NOTE 7. CREDIT FACILITY

        The Company had a $3.0 million credit facility with the Bank of America, which expired May 31, 2013. The agreement allowed the Company to issue letters of credit up to $3.0 million and was collateralized by a security interest in various certificates of deposit held by the Company. As of December 29, 2012, the Company had $3,000,000 of certificates of deposit collateralized for the outstanding letters of credit with Bank of America. These certificates of deposit were reported as restricted funds. As letters of credit are drawn upon or replaced through our new credit facility described below, the restricted funds were released. There are no longer any outstanding letters of credit under this facility.

        On July 25, 2013, we entered into a new five year credit agreement ("credit agreement") with Wells Fargo Bank, National Association (the "Bank"). The credit facility ("Credit Facility") provides the Company with a line of credit of $25 million for short term borrowings and letters of credit with a sublimit of $5.0 million. Short term borrowings are limited to the lower of the line of credit available or the borrowing base available as defined in the Credit Agreement. Any borrowings that the Company may incur in the future under the Credit Facility are due and payable on July 25, 2018, at which time the facility terminates.
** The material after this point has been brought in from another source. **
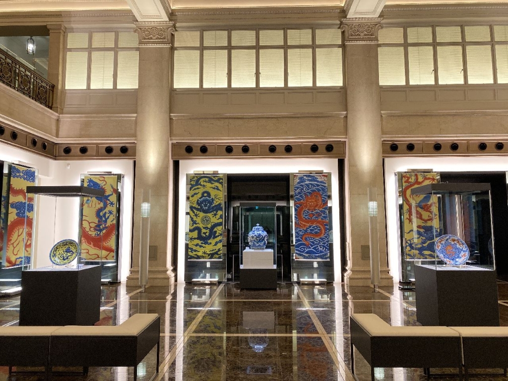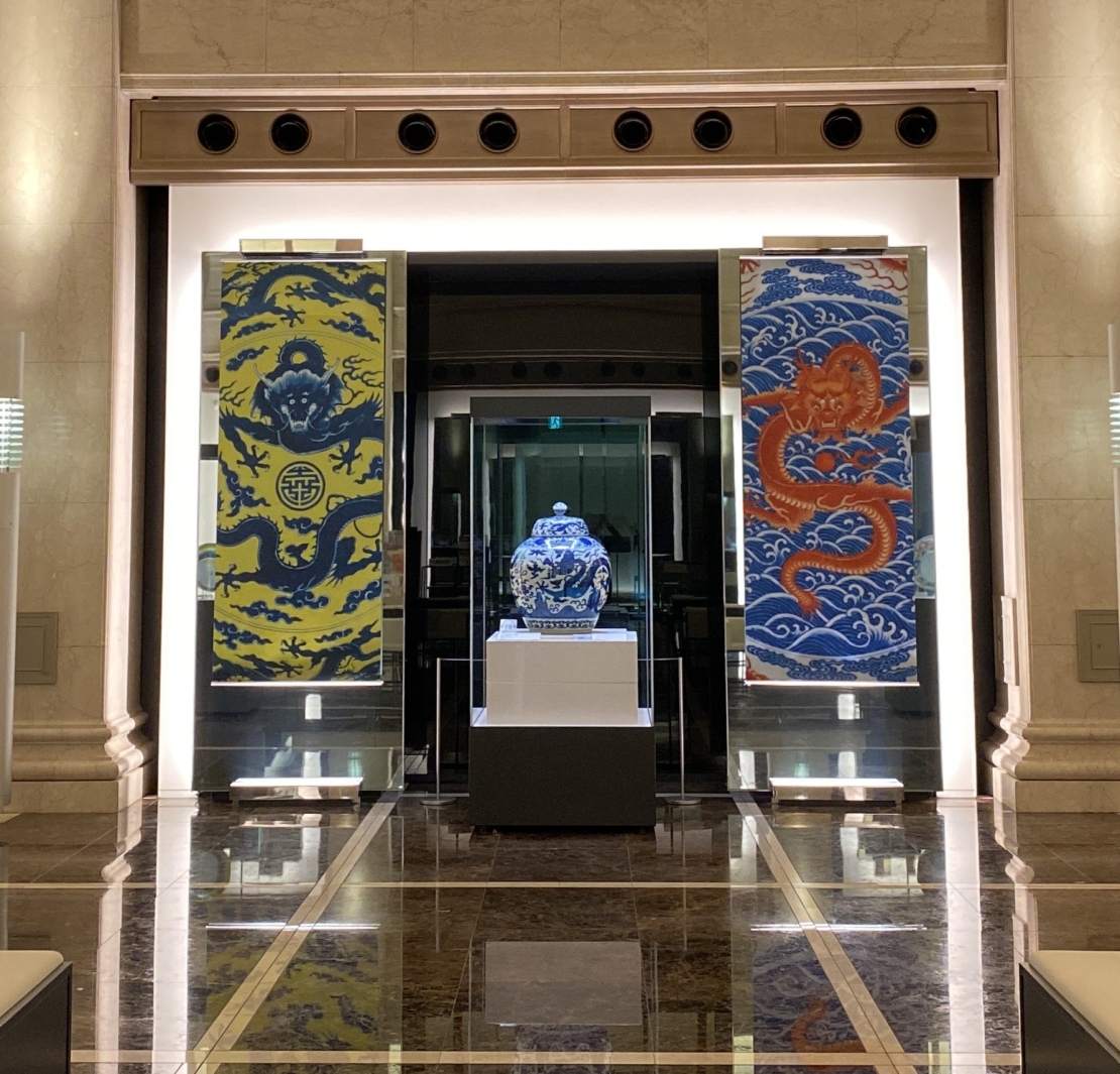「龍」這種想像中的生物誕生於古代中國,具有飛天、降雨的特殊能力,被視為強大和權力的象徵。不同於西方的龍帶有邪惡的色彩,東方將龍視為吉祥的靈獸。龍與中國的陰陽五行思想緊密相連,是四神之一(青龍、白虎、朱雀、玄武)。作為東西二方的守護神,很早以前就有「龍虎圖」的誕生。在藝術工藝品中,龍相關的圖騰還有翱翔於天的「雲龍圖」、現身於波濤的「龍濤圖」,與鳳凰搭配的「龍鳳圖」則有龍鳳呈祥的吉祥寓意,成為中國帝后的象徵。還有許多作品以龍的神話為基礎創作,或是「登龍門」、「畫龍點睛」等成語故事。諸如此類,龍以各種姿態在東亞藝術品中綻放光芒,藉由創作,東亞人民將祈願與喜愛注入龍的藝術品,與龍有著緊密的情感連結。在展廳中,我們規劃了四個主題,以下,我將循著各單元介紹展件。

        Borrowings under the Credit Facility bear interest, at the Company's option, either at the London interbank offering rate ("LIBOR") Margin or at the Base Rate Margin. LIBOR Margin is equal to LIBOR plus a margin of 1.50% per annum when the average daily availability is equal to or greater than 50% of the borrowing base. When the average daily availability is less than 50% of the borrowing base, the LIBOR Margin is equal to LIBOR, plus a margin of 1.75% per annum. Base Rate Margin is equal to the base rate as defined below, plus a margin of 0.50% per annum when the average daily availability is equal to or greater than 50% of the borrowing base. When the average daily availability is less than 50% the Base Rate Margin is equal to the base rate as defined below, plus a margin of 0.75% per annum. The base rate, as defined in the Credit Agreement, is a fluctuating rate per annum equal to the highest of (a) the U. S. federal funds rate, plus a margin of 0.50% per annum, (b) the adjusted LIBOR rate plus a margin of 1.00% or (c) the Wells Fargo prime rate in effect at that time.
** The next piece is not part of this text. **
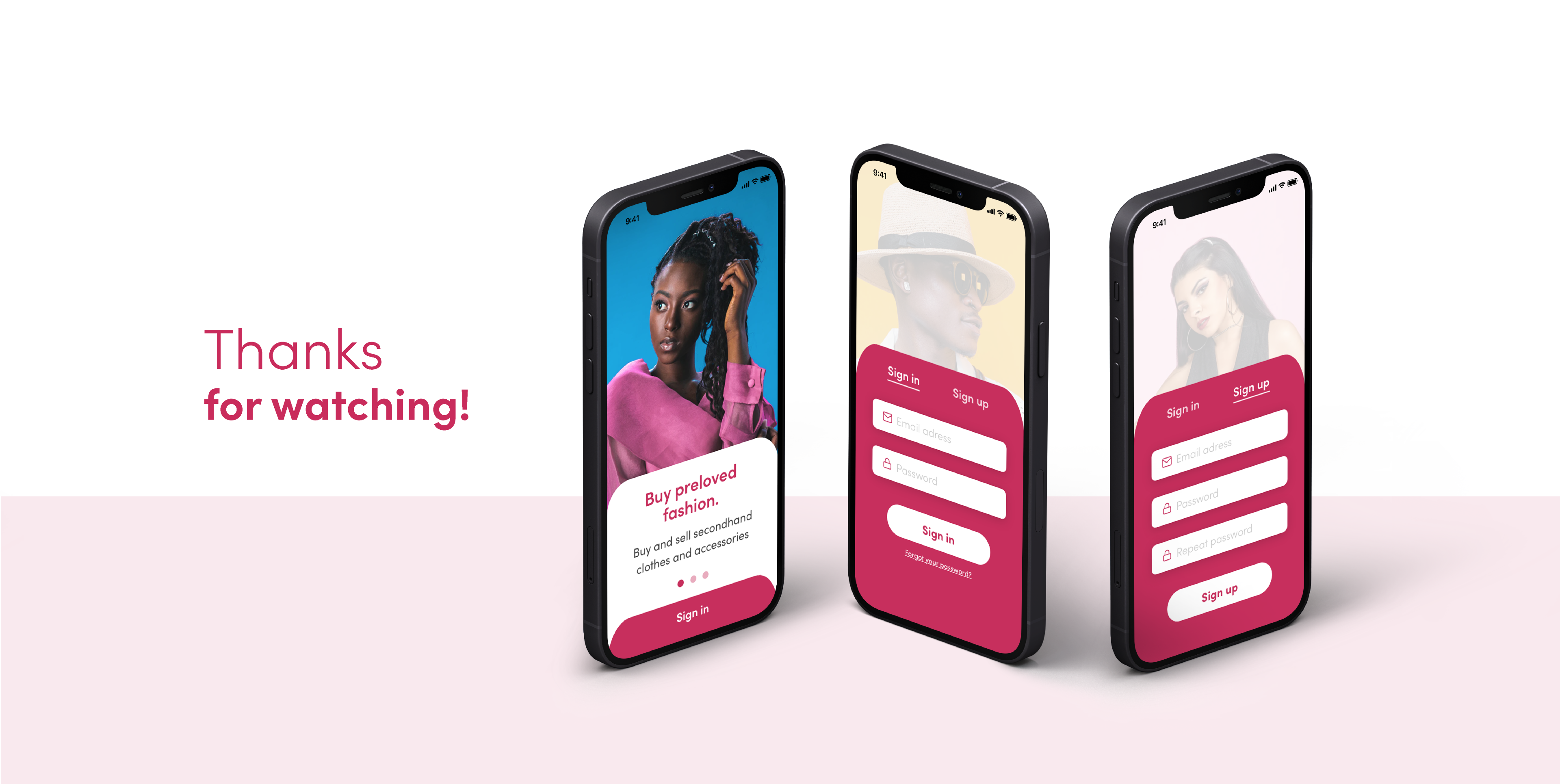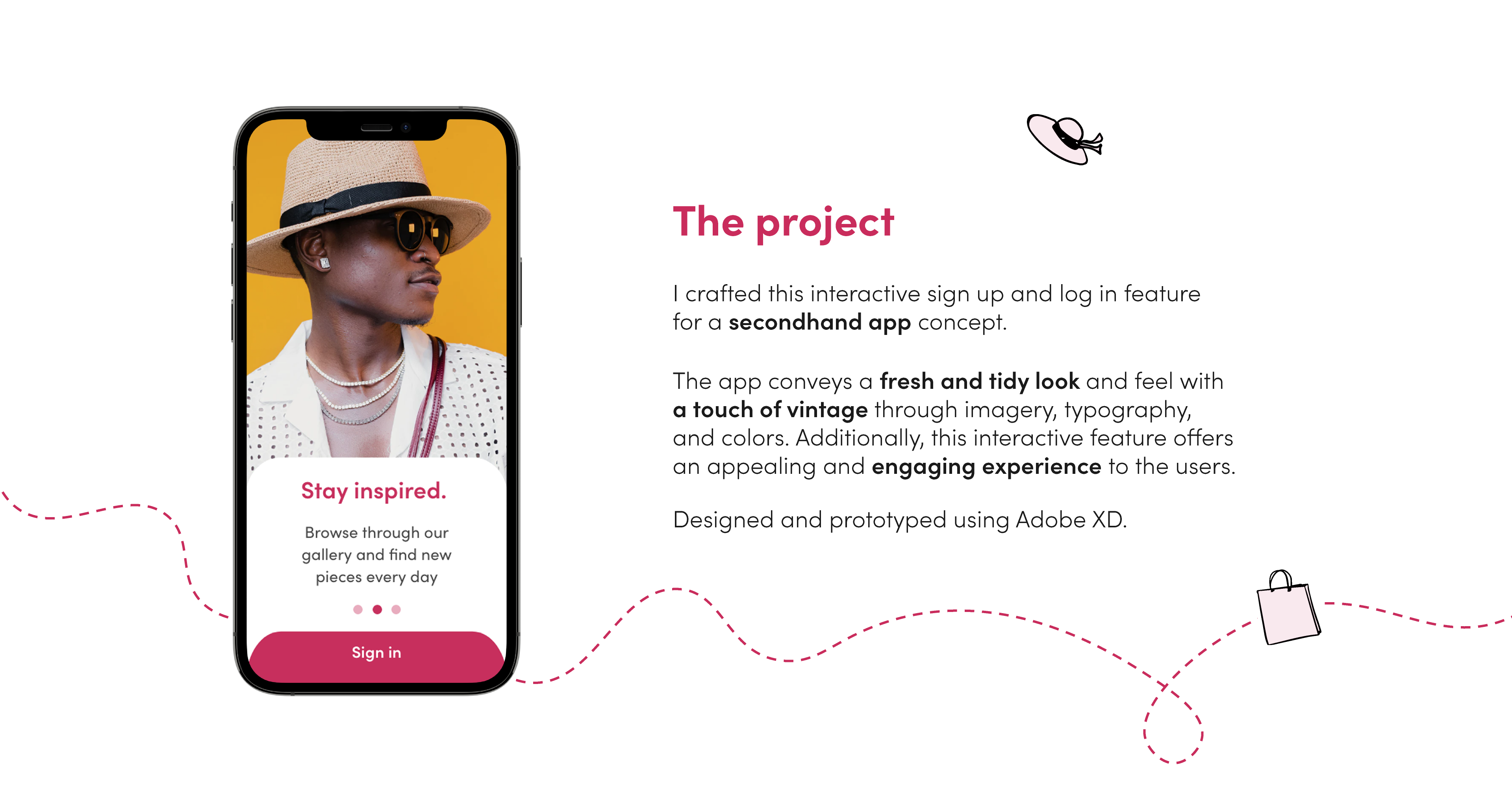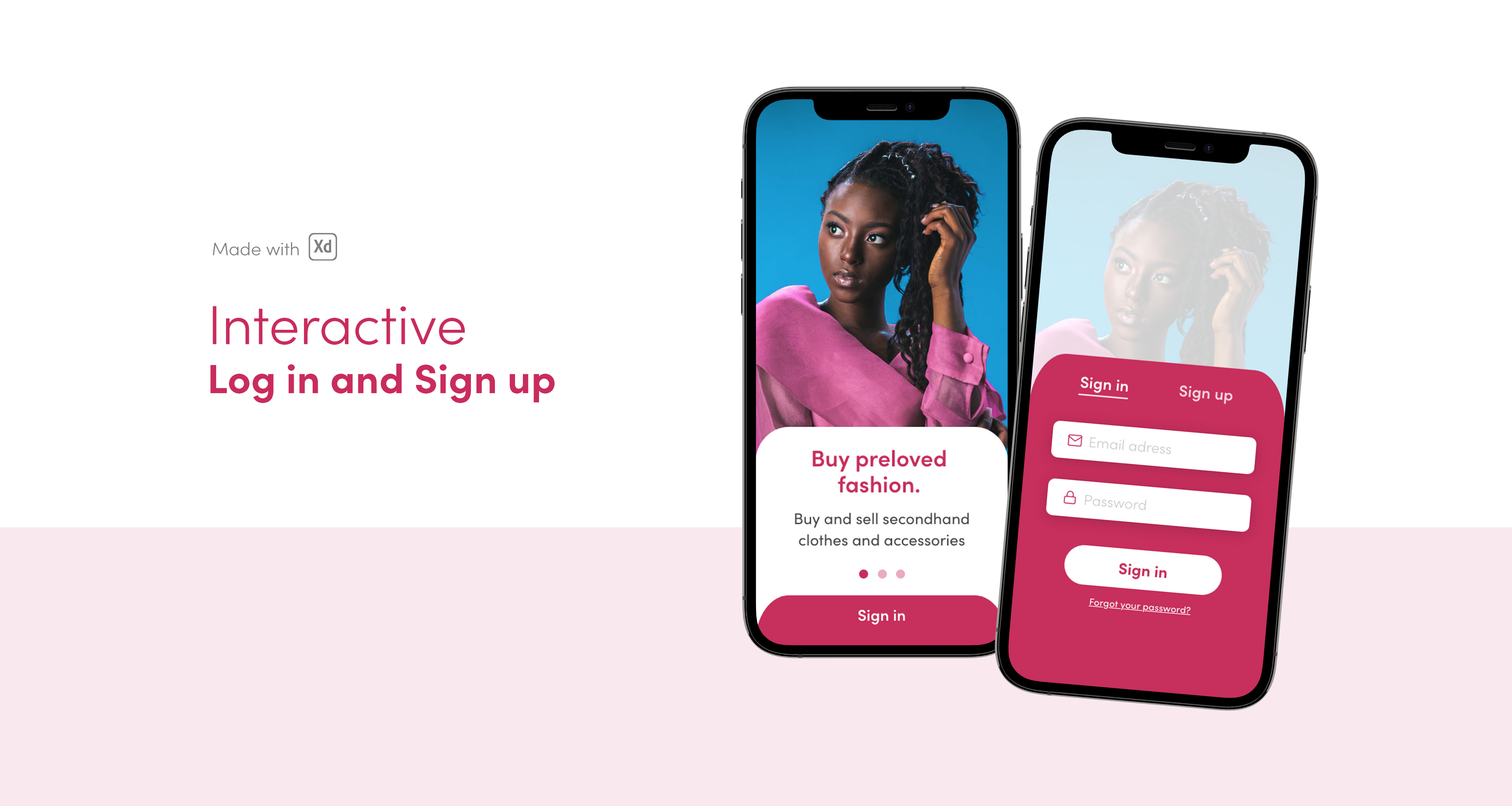 Interactive sign-up and log-in feature for a secondhand app concept.

        The obligations of the Company under the Credit Facility are secured by liens on all assets of the Company. The Credit Agreement contains various customary covenants, including, but not limited to, limitations on indebtedness, liens, investments, dividends or other capital distributions, purchases or redemptions of stock, sales of assets or subsidiary stock, transactions with affiliates, line of business and accelerated payments of certain obligations and minimum availability requirement.

        The Credit Agreement contains events of default customary for similar financings. Upon the occurrence of an event of default, the outstanding obligations under the Credit Facility may be accelerated and become due and payable immediately. In addition, if a certain change of control event occurs with respect to any loan party, the Lenders have the right to require the Company to repay any outstanding loans under the Credit Facility.

        The Company had outstanding letters of credit of $1.1 million under the Credit Facility and no borrowings as of December 28, 2013.

        During fiscal 2013, the Company recorded $1.1 million of deferred financing costs in connection with the Credit Agreement, which are included in other assets at December 28, 2013 and is being amortized on a straight line basis through July 2018.